-- Opening Marker --

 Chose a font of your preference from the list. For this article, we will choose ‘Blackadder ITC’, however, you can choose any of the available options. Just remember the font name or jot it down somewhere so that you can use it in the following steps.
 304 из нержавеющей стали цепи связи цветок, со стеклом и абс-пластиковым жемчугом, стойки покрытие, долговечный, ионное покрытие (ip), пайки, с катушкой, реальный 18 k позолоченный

-- Closing Marker --
-- Opening Marker --

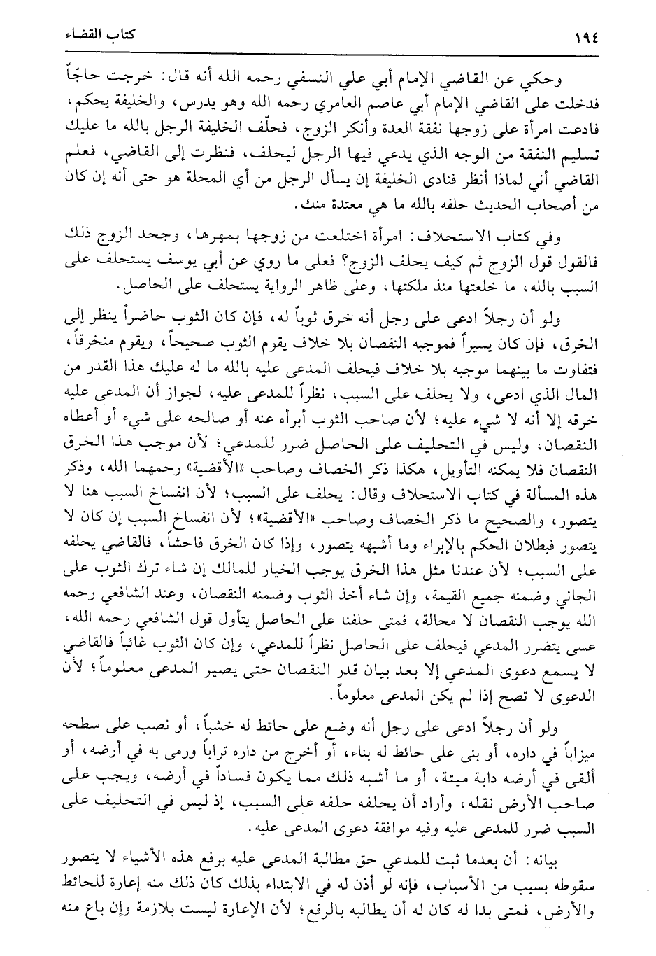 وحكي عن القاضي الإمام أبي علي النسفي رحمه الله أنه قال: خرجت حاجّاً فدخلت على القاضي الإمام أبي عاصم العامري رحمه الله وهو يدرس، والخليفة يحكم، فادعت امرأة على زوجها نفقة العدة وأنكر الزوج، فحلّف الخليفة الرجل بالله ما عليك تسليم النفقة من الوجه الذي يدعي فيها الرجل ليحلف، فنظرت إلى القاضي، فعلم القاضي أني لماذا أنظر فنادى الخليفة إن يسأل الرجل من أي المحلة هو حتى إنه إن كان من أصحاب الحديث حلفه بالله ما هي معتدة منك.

-- Closing Marker --

TASK PROMPT:
Once you reach the line with "Chose a font" in the data above, copy it and every line after it exactly, up to and including the line with "304 из нержавеющей".

TASK OUTPUT:
 Chose a font of your preference from the list. For this article, we will choose ‘Blackadder ITC’, however, you can choose any of the available options. Just remember the font name or jot it down somewhere so that you can use it in the following steps.
 304 из нержавеющей стали цепи связи цветок, со стеклом и абс-пластиковым жемчугом, стойки покрытие, долговечный, ионное покрытие (ip), пайки, с катушкой, реальный 18 k позолоченный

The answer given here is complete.